KL Loss with a unit Gaussian

Question

I've been implementing a VAE and I've noticed two different implementations online of the simplified univariate gaussian KL divergence. The original divergence as per here is $$ KL_{loss}=\log(\frac{\sigma_2}{\sigma_1})+\frac{\sigma_1^2+(\mu_1-\mu_2)^2}{2\sigma^2_2}-\frac{1}{2} $$ If we assume our prior is a unit gaussian i.e. $\mu_2=0$ and $\sigma_2=1$, this simplifies down to $$ KL_{loss}=-\log(\sigma_1)+\frac{\sigma_1^2+\mu_1^2}{2}-\frac{1}{2} $$ $$ KL_{loss}=-\frac{1}{2}(2\log(\sigma_1)-\sigma_1^2-\mu_1^2+1) $$ And here is where my confusion rests. Although I've found a few obscure github repos with the above implementation, what I more commonly find used is:

$$ =-\frac{1}{2}(\log(\sigma_1)-\sigma_1-\mu^2_1+1) $$ For example in the official Keras autoencoder tutorial. My question is then, what am I missing between these two? The main difference is dropping the factor of 2 on the log term and not squaring the variance. Analytically I have used the latter with success, for what its worth. Thanks in advance for any help!

Answer 1

Notice that by replacing $\sigma_1$ with $\sigma_1^2$ in the last equation you recover the previous (i.e. $\log(\sigma_1) - \sigma_1 \rightarrow 2\log(\sigma_1) - \sigma_1^2$). Leading me to think that in the first case the encoder is used to predict the variance, whereas in the second it is used to predict the standard deviation.
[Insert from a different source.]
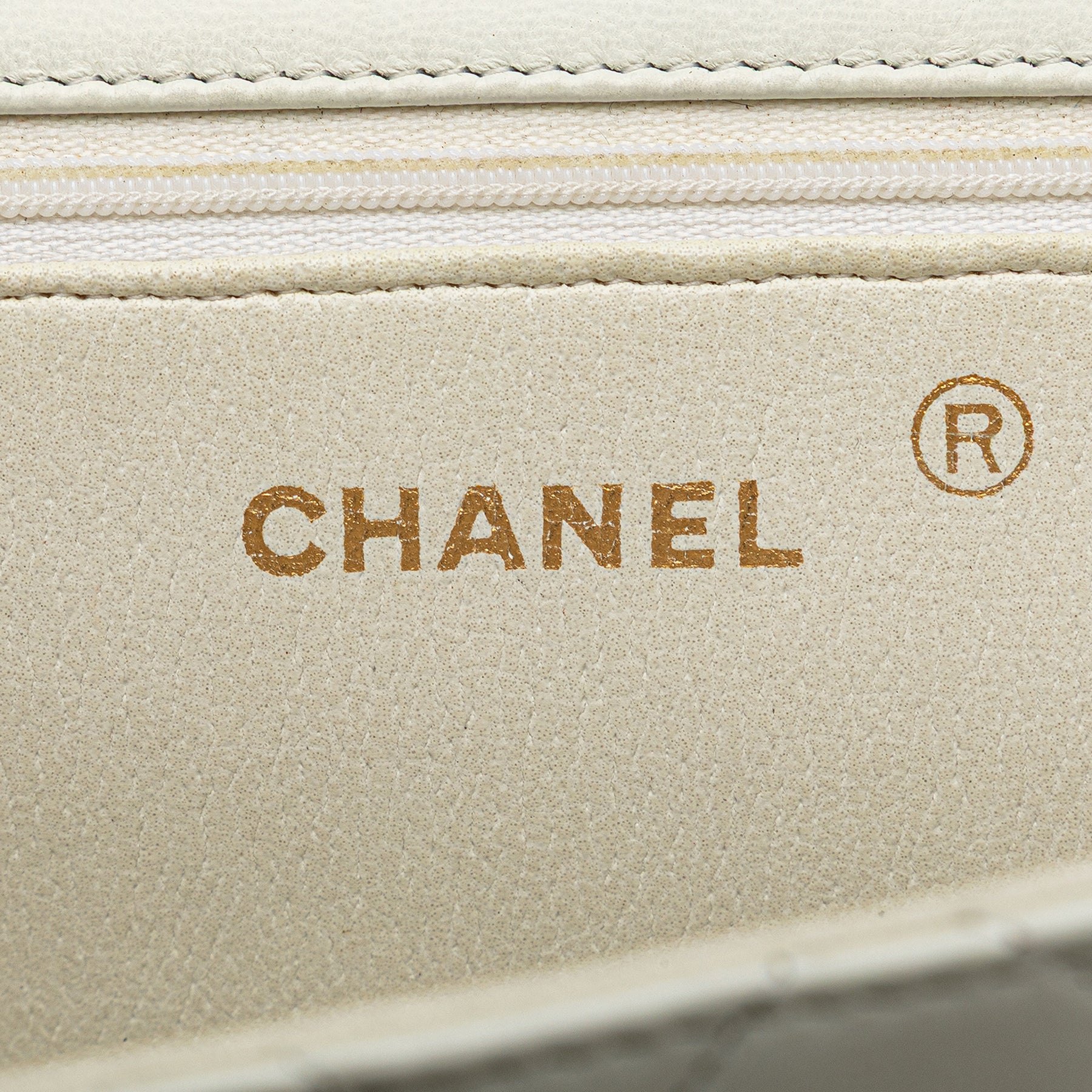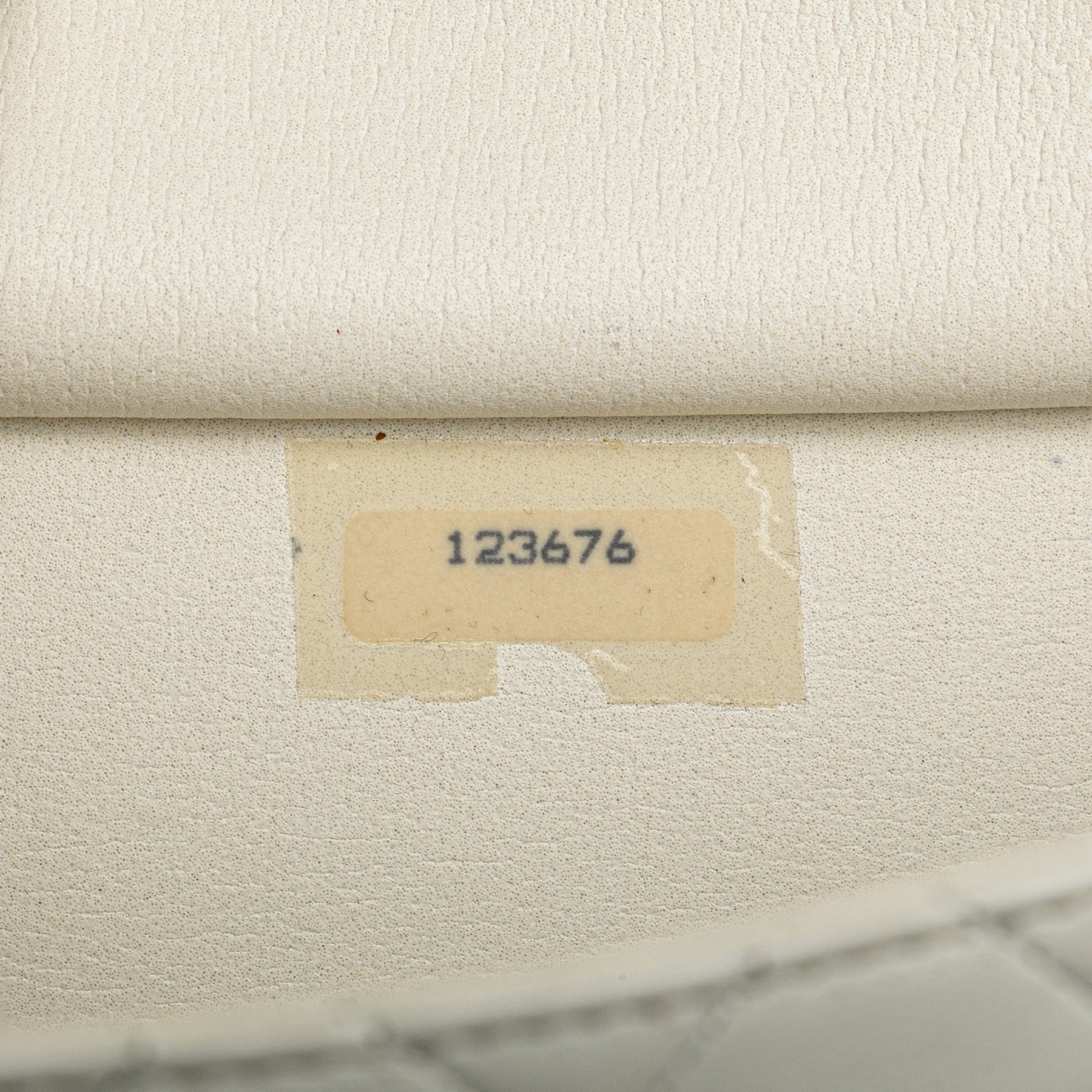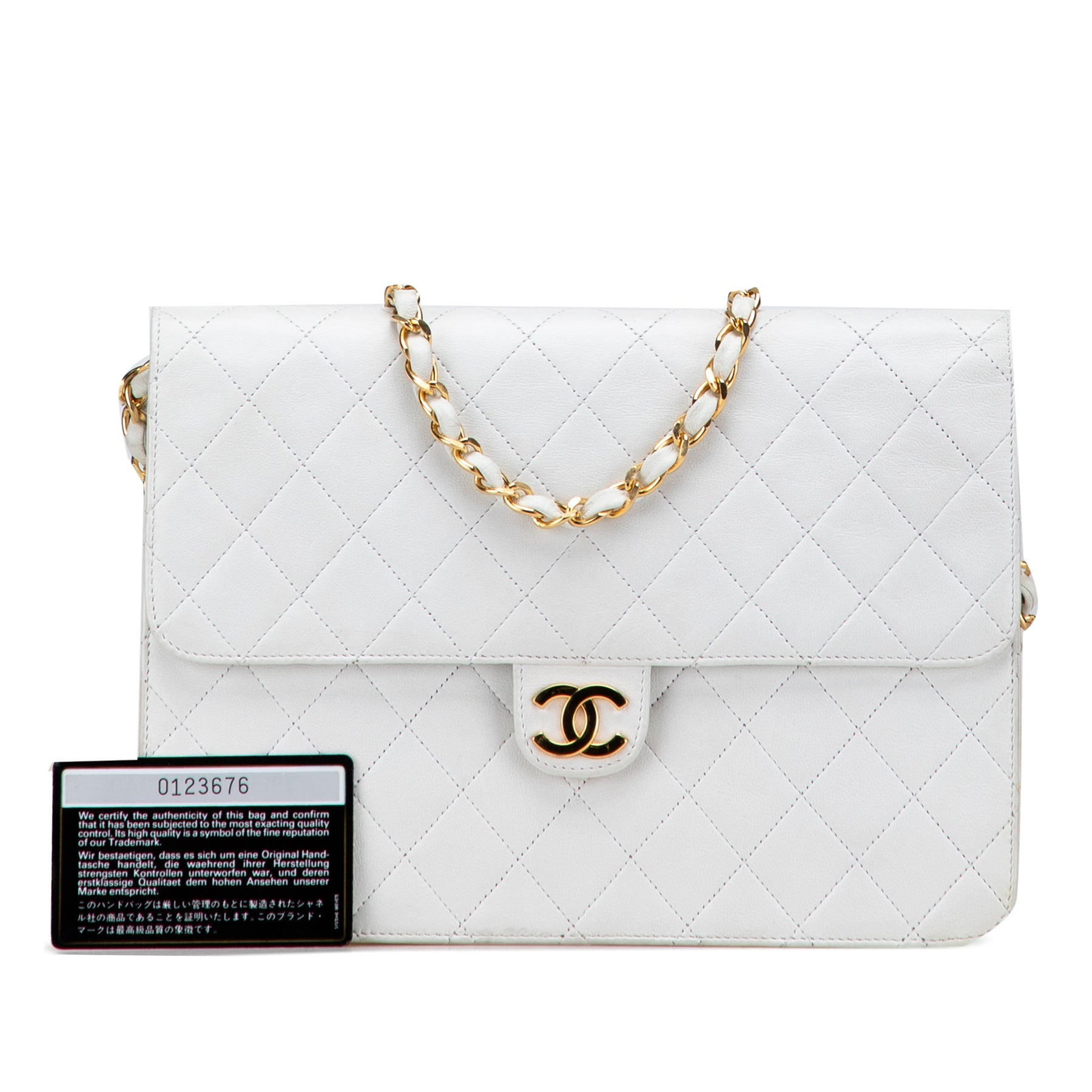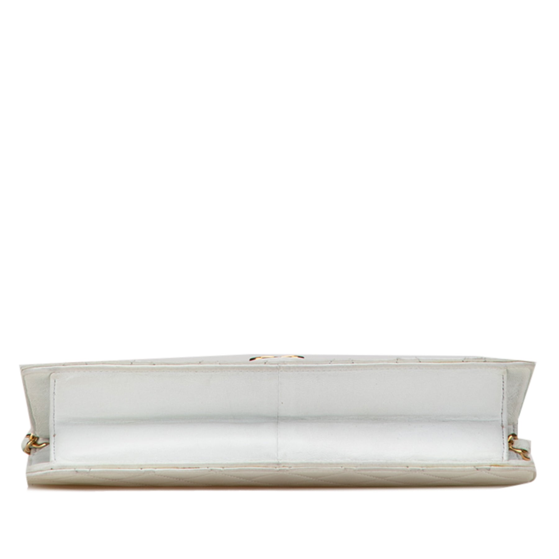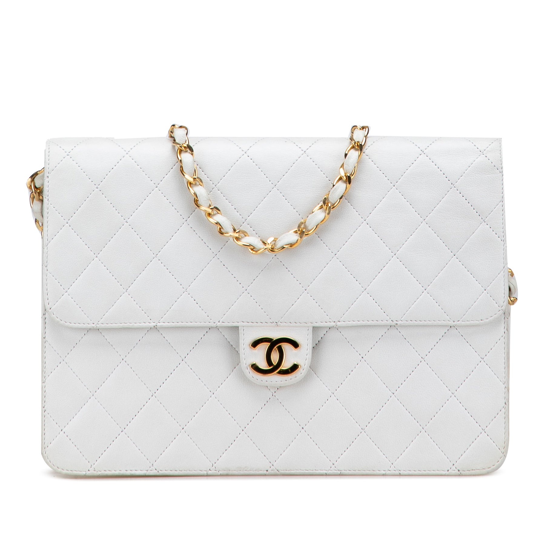 Ce sac bandoulière est confectionné en cuir d'agneau matelassé et possède une bandoulière en chaîne tressée couleur or, un rabat avant à fermeture magnétique, ainsi que des poches intérieures zippées et plaquées. Il est en bon état.

Both formulations are equivalent and the objective is unchanged.

Answer 2

I believe the answer is simpler. In VAE, people usually use a multivariate normal distribution, which has covariance matrix $\Sigma$ instead of variance $\sigma^2$. That looks confusing in a piece of code but has the desired form.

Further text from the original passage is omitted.